I had the same problem than Jay - not with the Weibull distribution but with the integrate function. I found my answer to Jay's question 3 in a comment to this question:
Divergent Integral in R is solvable in Wolfram
The R package pracma contains several functions for solving integrals numerically. In the package, one finds some R functions for integrating certain mathematical functions. And there is a more general function integral. That helped in my case. Example code is given below.
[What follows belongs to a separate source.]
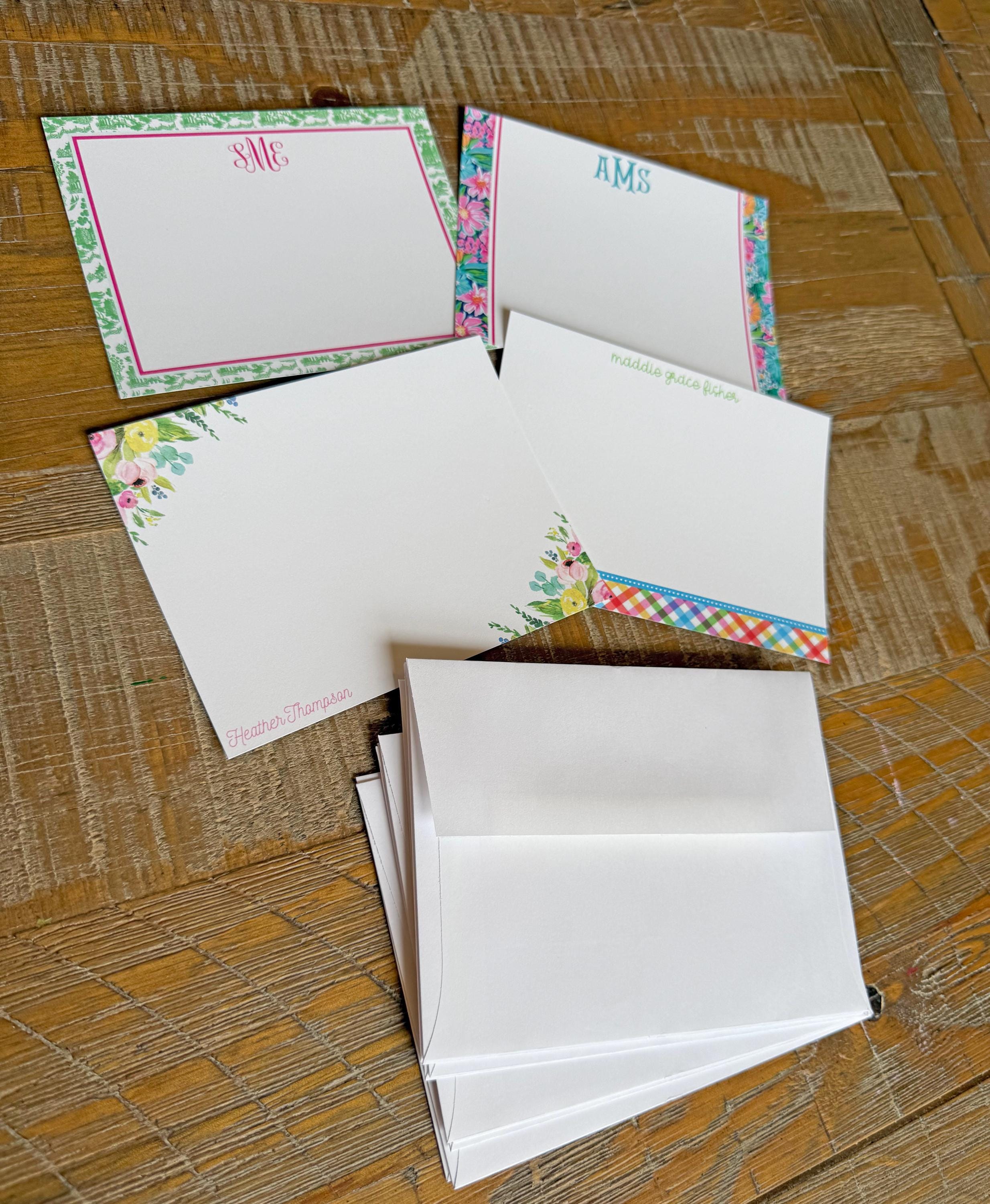Personalized Girl Stationery, Personalized Girl Notecards, Flat Note Cards, Preppy Stationery

To questions 2: The first answer to the linked question (above) states that not the complete error message of the C source file is printed out by R (The function may just converge too slowly). Therefore, I would agree with Jay that the fast fluctuation of the cosine may be a problem. In my case and in the example below it was the problem.
Example Code
# load Practical Numerical Math Functions package
library(pracma)
# define function
testfun <- function(r) cos(r*10^6)*exp(-r)
# Integrate it numerically with the basic 'integrate'.
out1 = integarte(testfun, 0, 100)
# "Error in integrate(testfun, 0, 100) : the integral is probably divergent"
# Integrate it numerically with 'integral' from 'pracma' package
# using 'Gauss-Kronrod' method and 10^-8 as relative tolerance. I
# did not try the other ones.
out2 = integral(testfun, 0, 100, method = 'Kronrod', reltol = 1e-8)
Two remarks
The integral function does not break as the integrate function does but it may take quite a long time to run. I do not know (and I did not try) whether the user can limit the number of iterations (?).
Even if the integral function finalises without errors I am not sure how correct the result is. Numerically integrating a function which is fast fluctuating around zero seems to be quite tricky since one does not know where exactly values on the fluctuating function are calculated (twice as much positive than negative values; positive values close to local maxima and negative values far off). I am not on expert on numeric integration but I just got to know some basic fixed-step integration methods in my numerics lectures. So maybe the adaptive methods used in integral deal with this problem in some way.
I'm attempting to answer questions 1 & 3. That being said I am not contributing any original code. I did a google search and hopefully this is helpful. Good luck!
Source:http://cran.r-project.org/doc/contrib/Ricci-distributions-en.pdf (p.6)
#Script
library(ggplot2)
## sampling from a Weibull distribution with parameters shape=2.1 and scale=1.1
x.wei<-rweibull(n=200,shape=2.1,scale=1.1)
#Weibull population with known paramters shape=2 e scale=1
x.teo<-rweibull(n=200,shape=2, scale=1) ## theorical quantiles from a
#Figure
qqplot(x.teo,x.wei,main="QQ-plot distr. Weibull") ## QQ-plot
abline(0,1) ## a 45-degree reference line is plotted
Is this of any use?
http://www.sciencedirect.com/science/article/pii/S0378383907000452
Muraleedharana et al (2007) Modified Weibull distribution for maximum and significant wave height simulation and prediction, Coastal Engineering, Volume 54, Issue 8, August 2007, Pages 630–638
From the abstract: "The characteristic function of the Weibull distribution is derived."